It seems clear in the Barcelona case that the authorities could have done more in terms of prevention. Not only did the city fail to install barriers, the regional and national counterterror forces didn’t detect the terrorist cell, even though its leader was an imam with a criminal record for drug and immigrant tracking, had previous contact with terrorists in prison, and had been the subject of a query from police in Belgium to police in Barcelona.

The city of New York has developed a muscular counterterror apparatus at strategic as well as tactical levels. There’s the FBI-led counterterror task force, the NYPD’s counterterror division, and the NYPD intelligence unit whose reach extends into neighboring states and to overseas capitals, where liaison officers gather intelligence and develop alliances.

Nonetheless, yesterday’s attacker slipped through. In the aftermath, New Yorkers refused to let the violence interfere with trick or treating or the Halloween parade. That’s heartening to U.S. and European counterterror officials, who say the United States has better defenses than Europe in many ways — but also a vulnerability at the political level.

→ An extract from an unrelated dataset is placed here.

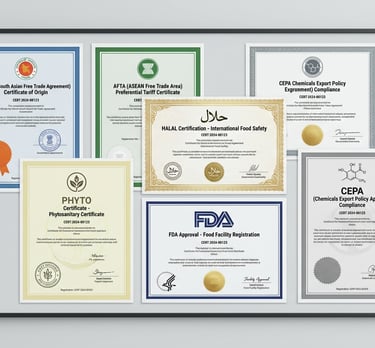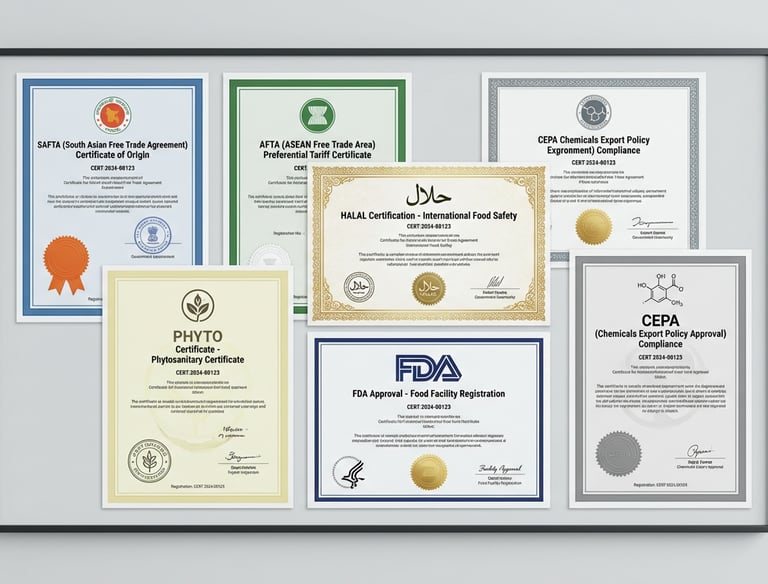 e.g. ISO, GST, IEC, FSSAI, SPICE BOARD, APEDA, ICE GATE, AD CODE, RCMC Renewal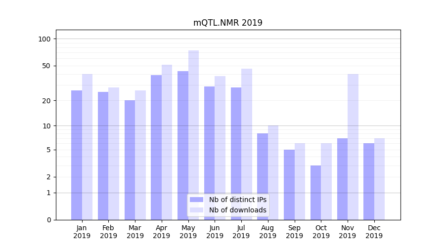 Number of downloads for software package mQTL.NMR, year by year, from 2025 back to 2014 (years with no downloads are omitted):

In an interview with ProPublica earlier this year, the former director of the intelligence community’s National Counterterrorism Center, Matthew Olsen, warned against proposed extreme restrictions on Muslim refugees and immigrants and the tone of the political debate about terrorism. He and other experts say that one of America’s great strengths has been its ability to integrate immigrants, including Muslims, and to avoid provoking the kind of resentment and alienation that have fed radicalization in many European nations.